Improve RoR at Insert Large Dataset to Database

Monitoring, testing, and trying to improve it.

William
WilliamDesk
6 min read5 days ago

--

I discovered that one of our APIs had response times that occasionally took up to 10 seconds. This latency could be faster, so I optimized the API's performance.

This API is straightforward. Its purpose is to "Add the member's contacts to the database."

Here is some information you need to know first

  1. The contacts table at the PostgreSQL schema
id, integer, PK, null false
member_id, integer, FK for members table, null false
email, string, null false
name, string
phone, string
created_at, datetime, null false
updated_at, datetime, null false

indexes:
index_contacts_on_id, unique
index_contacts_on_member_id_and_email, unique
index_contacts_on_member_id

2. Contact API introduction

Send the JSON format post API to request the addition of one or more contacts for member relations.

{
"member_id": 12345,
"contacts": [
{
"email": "contact_1@gmail.com",
"name": "John",
"phone": "+886 987654321"
},
{
"email": "contact_2@gmail.com",
"name": "Carter",
"phone": "+886 123456789"
},
...
]
}

When sending this request to the server, the controller will do the following things:

class Api::Internal::MemberInfoController < ActionController::API
def setup_contacts
invalid_contacts = []
# run the single reiteration to traverse all incoming contact info.
# time complexity is O(n).
contact_infos.each do |contact_info|
# check each email is valid and legitimate.
# time complexity is O(n).
checker = MailCheck.call(contact_info[:email], check_exist: false)
invalid_contacts << {
email: contact_info[:email],
error_key: checker.error.key,
error_message: checker.error.message
} and next if checker.failed?

# Traverse through the database to check if each contact email exists.
# If it does, write it into the contact object.
#
# If it doesn't exist,
# create a new object in memory to await writing
# time complexity is O(n).
#
# ORM to SQL:
# SELECT "contacts".*
# FROM "contacts"
# WHERE "contacts"."member_id" = $1
# AND "contacts"."email" = $2
# LIMIT $3
contact = current_member.contacts.find_or_initialize_by(email: contact_info[:email])

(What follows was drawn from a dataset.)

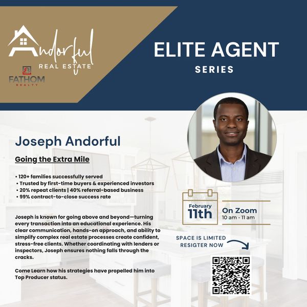 Our first Elite Agent Series of 2026 will be with Joseph Andorful. Scan the QR Code on the flyer or Click Here to register

# update the new parameters into the contact object.
contact.assign_attributes(contact_info)

# execute SQL to write into the DB.
# time complexity is O(n).
# ORM translates to SQL roughly like this:
# (or translates to UPDATE if updating):
#
# INSERT INTO "contacts" ("member_id", "email", "name", "phone", "created_at", "updated_at")
# VALUES ($1, $2, $3, $4, $5, $6)
# RETURNING "id"
contact.save!
end
# return member's new contact_list infomation.
success_response(current_member.contact_list)
end
end

The core of the MailCheck function is used Resolv::DNS to check whether the email domain (MX Record) exists.

Resolv::DNS.open do |dns|
mx = dns.getresources(@domain, Resolv::DNS::Resource::IN::MX)
raise ServiceError.new(:invalid_domain) if mx.blank?
end

3. Observation service

We used Datadog for our monitoring service. And here is the APM of this API's latency time.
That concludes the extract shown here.